◆ Problem statement:
All pictures must be left out as you transcribe the lines from the first line of the data to the line containing "ในการนี้ นางกนกรัชต์ วงษ์กาฬสินธุ์", both included.

Raw data section start

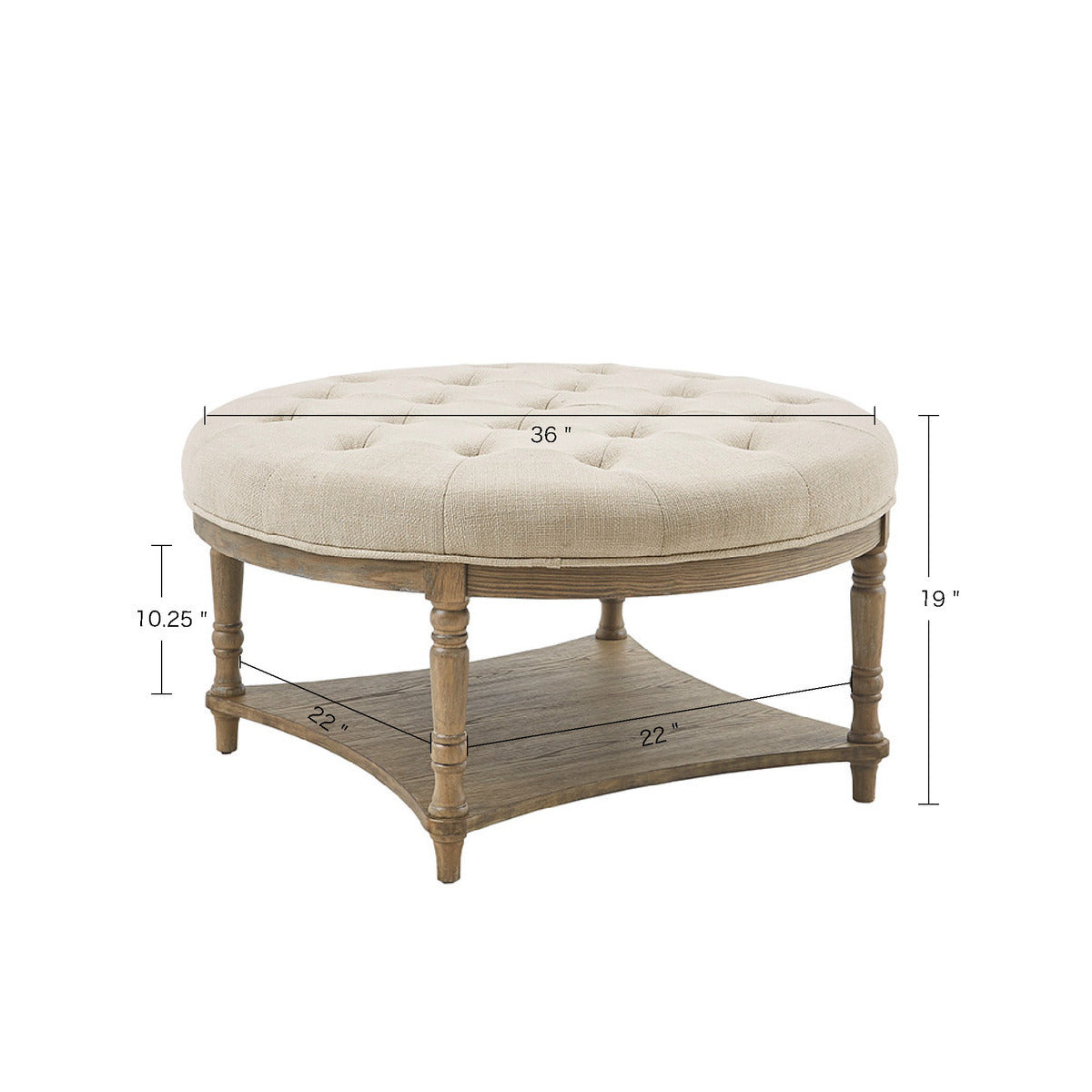 The Martha Stewart Cedric Accent Ottoman brings a touch of elegant style to your living space. This round ottoman features a button tufted top upholstered in a rich cream fabric with high density foam filling providing exceptional comfort. A lower veneer shelf and solid wood turned legs showcase a smooth reclaimed grey finish to complement the upholstery. Add this round accent ottoman to your living room to give your space a touch of elegance and functionality to your decor. Assembly is required and no tools are needed. |
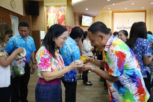 ในการนี้ นางกนกรัชต์ วงษ์กาฬสินธุ์ พัฒนาการจังหวัดนครราชสีมา พร้อมด้วย บุคลากรในสังกัดสำนักงานพัฒนาชุมชนจังหวัดนครราชสีมา ได้ร่วมกันสรงน้ำพระพุทธรูปและรดน้ำขอพรจาก ผู้ว่าราชการจังหวัดนครราชสีมา เพื่อเป็นการแสดงความเคารพรักและความนับถือ ตลอดจนสร้างขวัญกำลังใจในการปฏิบัติราชการก่อนที่จะเดินทางกลับภูมิลำเนาในช่วงเทศกาลวันหยุดยาวโดยสวัสดิภาพ
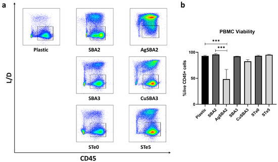 PBMCs from four healthy adult donors were cultured in RPMI 1640, supplemented with 10% (v/v) heat-inactivated FBS, 100 U/mL penicillin/streptomycin, and 100 μg/mL gentamicin (Life technologies, Carlsbad, CA, USA), at 37 °C and 5% CO2. A total of 1 × 106 fresh cells/mL were seeded onto sterile discs of bioactive glasses (or in wells without bioactive glasses—negative control) for 48 h, keeping the polished side upwards. Afterwards, the media was removed, and cells were collected and washed with PBS-EDTA 2 mM. The cells were stained with a viability dye (BD Horizon™ Fixable Viability Stain 780 (Becton and Dickinson, Franklin Lakes, NJ, USA)) for 15 min, at 4 °C, to distinguish live and dead cells. After washing with PBS-EDTA, Human BD™ Fc block solution was added to block the non-specific binding of immunoglobulin to Fc receptors. Subsequently, cells were incubated with antiCD45 BUV395 mAb (clone: HI30), a pan-marker for all leukocytes. Lastly, the cells were washed and resuspended in PBS-EDTA for acquisition using a BD FACSymphony™ A5 flow cytometer (BD Biosciences, Franklin Lakes, NJ, USA). The samples were then analyzed using the BD FACSDIVA™ software version 9.0.

Raw data section end

◆ Exercise result:
 The Martha Stewart Cedric Accent Ottoman brings a touch of elegant style to your living space. This round ottoman features a button tufted top upholstered in a rich cream fabric with high density foam filling providing exceptional comfort. A lower veneer shelf and solid wood turned legs showcase a smooth reclaimed grey finish to complement the upholstery. Add this round accent ottoman to your living room to give your space a touch of elegance and functionality to your decor. Assembly is required and no tools are needed. |
 ในการนี้ นางกนกรัชต์ วงษ์กาฬสินธุ์ พัฒนาการจังหวัดนครราชสีมา พร้อมด้วย บุคลากรในสังกัดสำนักงานพัฒนาชุมชนจังหวัดนครราชสีมา ได้ร่วมกันสรงน้ำพระพุทธรูปและรดน้ำขอพรจาก ผู้ว่าราชการจังหวัดนครราชสีมา เพื่อเป็นการแสดงความเคารพรักและความนับถือ ตลอดจนสร้างขวัญกำลังใจในการปฏิบัติราชการก่อนที่จะเดินทางกลับภูมิลำเนาในช่วงเทศกาลวันหยุดยาวโดยสวัสดิภาพ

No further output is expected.